Hu Li, Ph.D. (MPET ’13), is leading a Mayo team analyzing genomic information collected by the Technologies for Host Resilience (THoR) project. THoR aims to discover therapeutic responses to emerging infections and antibiotic resistance.

THoR’s approach is to determine what genes or regulatory networks affect immune responses to threats such as Ebola, influenza or antibiotic-resistant bacteria. The project will test hundreds of diseases in different host species using technology and analysis to compare characteristics of tolerance between hosts. Other collaborators on the THoR project include Harvard University, Temple University, Tufts University and Boston Children’s Hospital.

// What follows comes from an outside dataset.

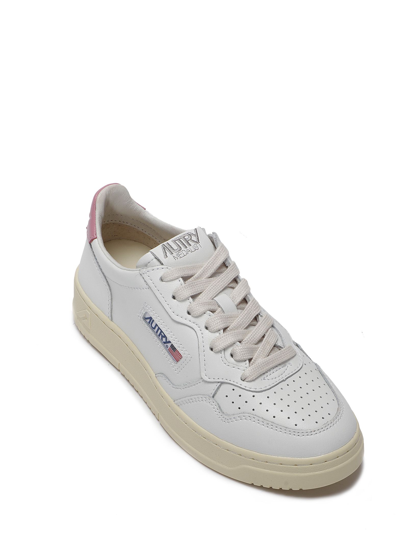 Sneakers con tomaia in pelle, punta con microfori, lacci piatti in cotone, linguetta imbottita, suola in gomma.
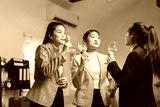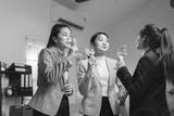 Three professional women in an office setting enjoy a casual social gathering with wine, fostering camaraderie and relaxation after work. The atmosphere is friendly and engaging

Dr. Li’s group is at the forefront of precision medicine — using an individual patient’s genome to deliver better, safer, more tailored health care. The Mayo team will incorporate systems biology approaches and advanced network tools to identify driver genes important for tolerance — the immune response that helps patients cope with the damage caused by pathogens or by a patient’s immune response.

“Our long-term goal is to develop therapeutics to boost and manipulate the activities of these drivers to help patients mitigate harmful or even fatal consequences from pathogen infections,” says Dr. Li, Department of Molecular Pharmacology and Experimental Therapeutics at Mayo Clinic in Rochester.

THoR is funded through the Defense Advanced Research Projects Agency (DARPA) in response to biological threats, especially drug-resistant pathogens.